Ну что сказать? Тактичный парень.
В самом деле, зачем тусоваться в тех компаниях, где чувствуете себя не в своей тарелке.
Я уже просмотрел множество работ Мастера, и сам хозяин появился из кухни со сковородой, когда затренькала мелодия моего мобильника. Взирая на шипящие шкварки, коротко ответил Максу: «Иду!», и, объяснив хозяину суть дельца, сбежал вниз.
Полнотелый Макс широко мне улыбнулся. Хорошая у него улыбка. По-детски непосредственная. Перенесли из его старого Москвича в мою не менее старую Ладу всё железо с комплектующими, прикрыли сиё хозяйство мешковиной, дарованной Максом, и я отдал ему задаток, то есть, двести баксов: сотню, чтоб отдать долг, а сотню — на расходы.
— Завязывай, Макс, с криминалом. Знаешь ведь поговорку про верёвочку?
— Не учи учёного. За три года ни одного прокола. Товар беру только у Птаха. Ты, кажись, видел его.

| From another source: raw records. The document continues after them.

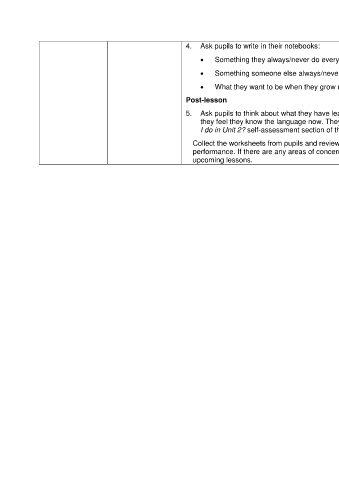 5. Ask pupils to think about what they have learned in Unit 2 and how well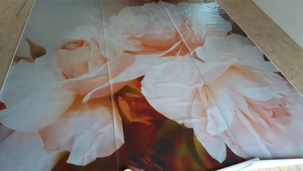Доставка долгая , но упаковано хорошо , не повредились , местами кажется что рисунок не состыкуется с другим куском , в живую чуть темнее чем на фото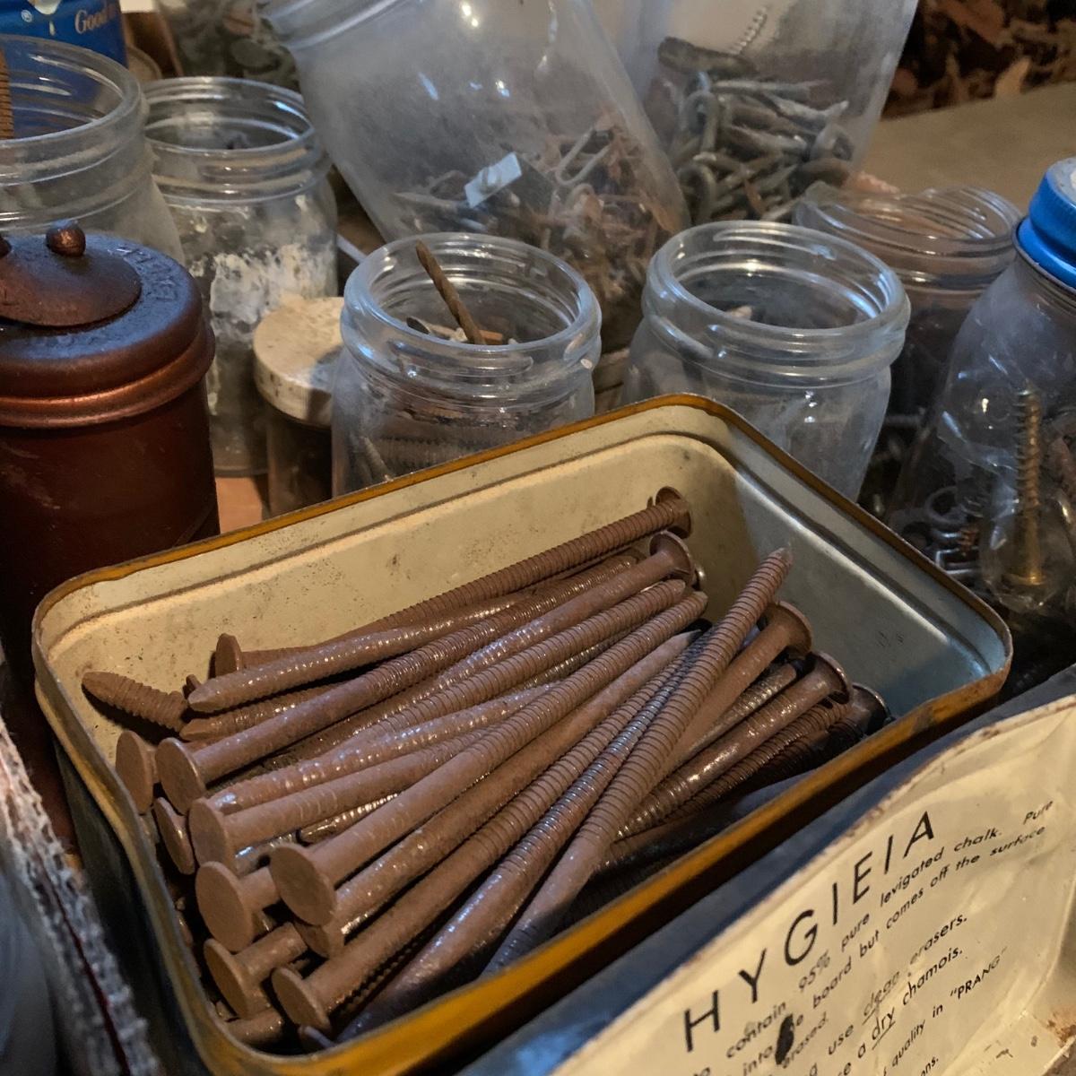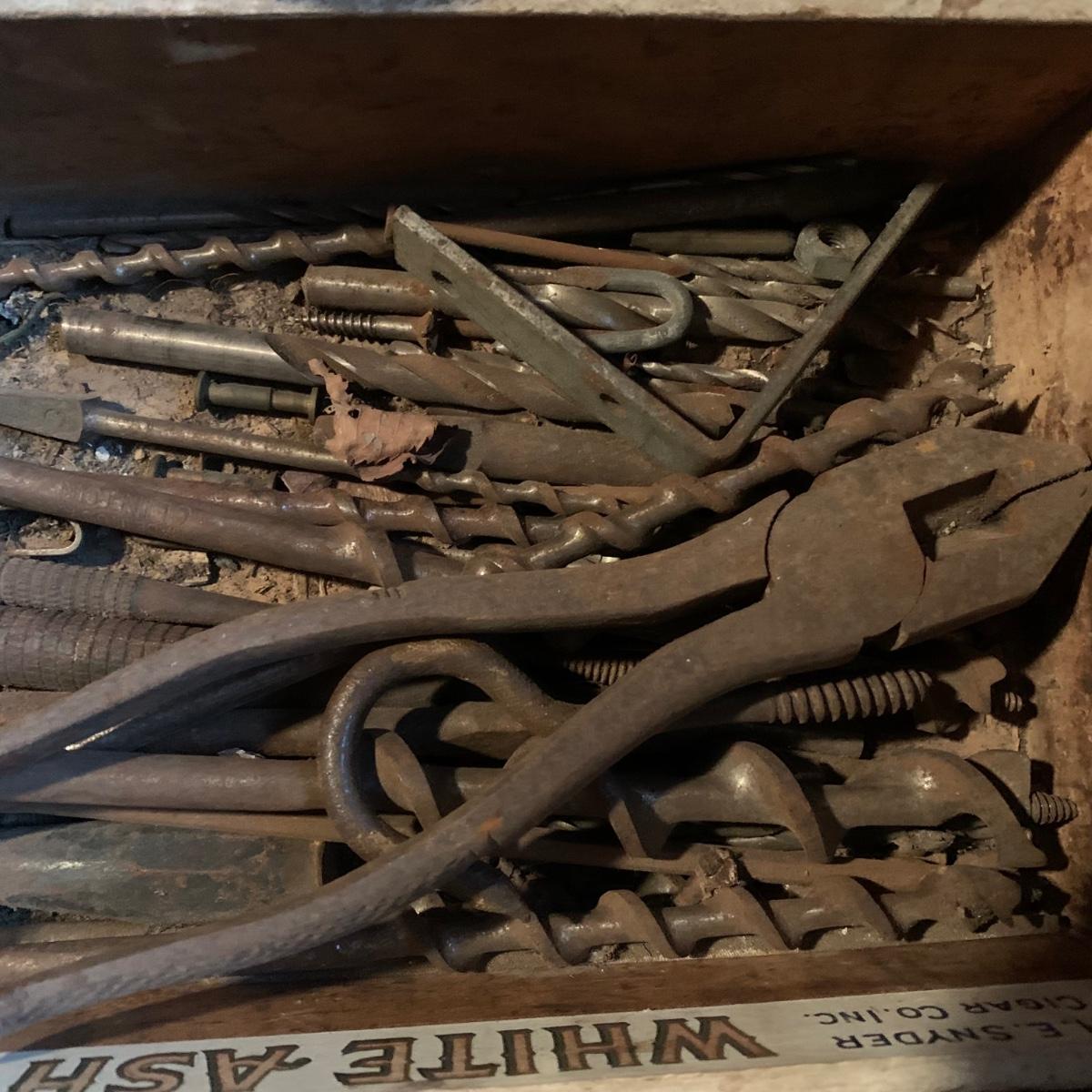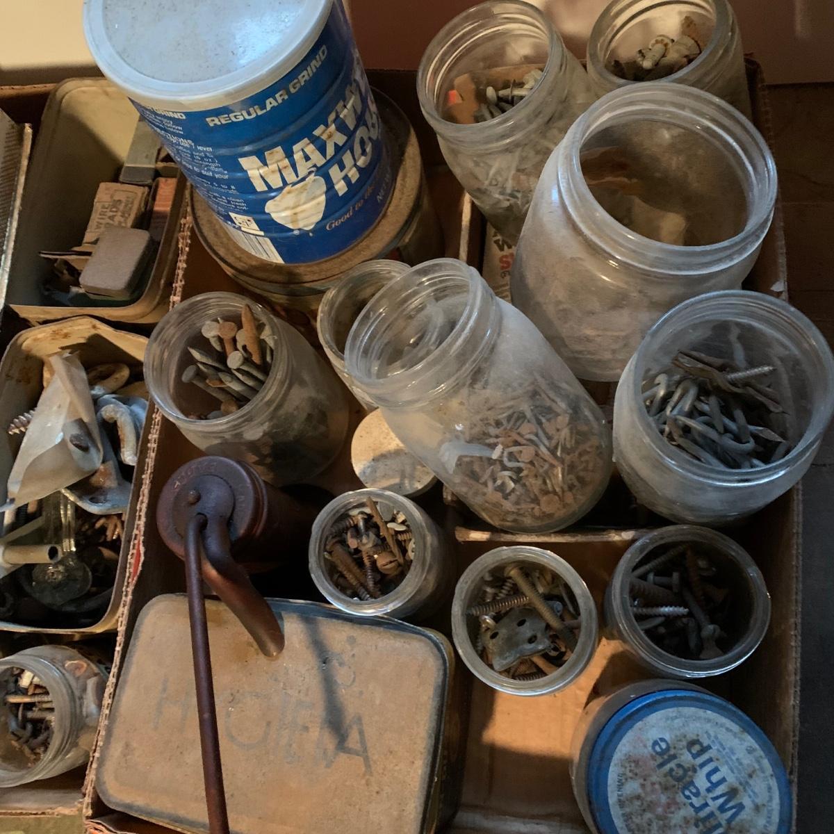 LOT 81 B: Little Tool Lot - Vintage Nails, Hinges, Drill Bits, Keys, Some Original Packaging, & More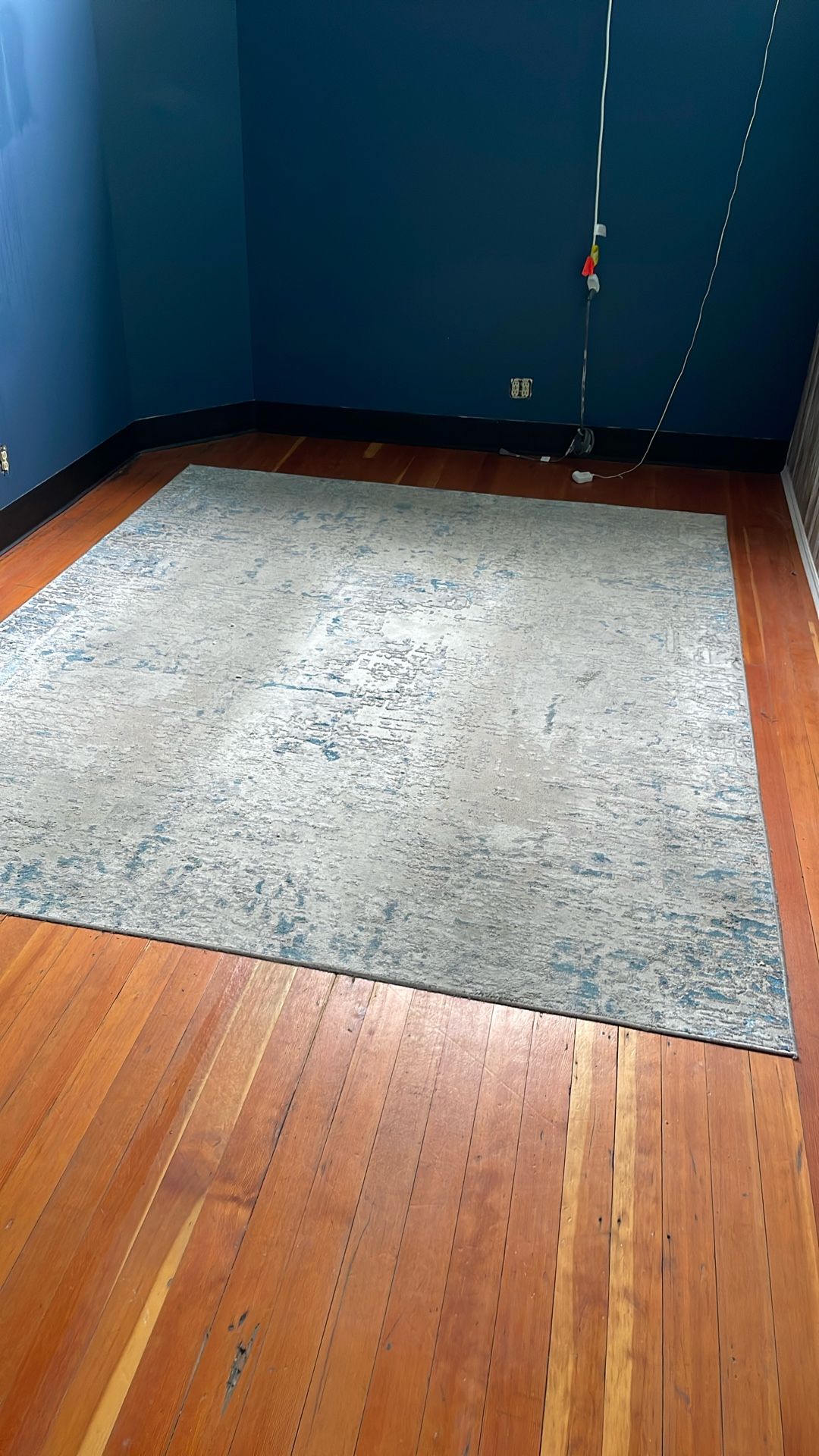 Beautiful rug, but needs a good cleaning. Was used in a massage studio so oils and lotions occasionally dripped on it over time. We just don’t have room for it in our new studio. Mixed blues and grays. Some shimmer depending on the light. Made in Turkey. No delivery.

Я тяжело вздохнул, пообещал Максу наведаться через неделю-другую, и мы попрощались. В самом деле, кто я такой, чтоб учить его?! Всего лишь одноклассник. Мы в детстве особо не дружили. Впустую он вертелся в детстве, впустую вертится и ныне. А я не Дон Кихот, и сражаться с ветряными мельницами не желаю. В нашей стране с утреннего солнышка, что встаёт над Дальним Востоком, и до самой до Москвы одному витязю не вспахать всё поле криминального мира. К тому же, сам только что цапнул коготком ворованное.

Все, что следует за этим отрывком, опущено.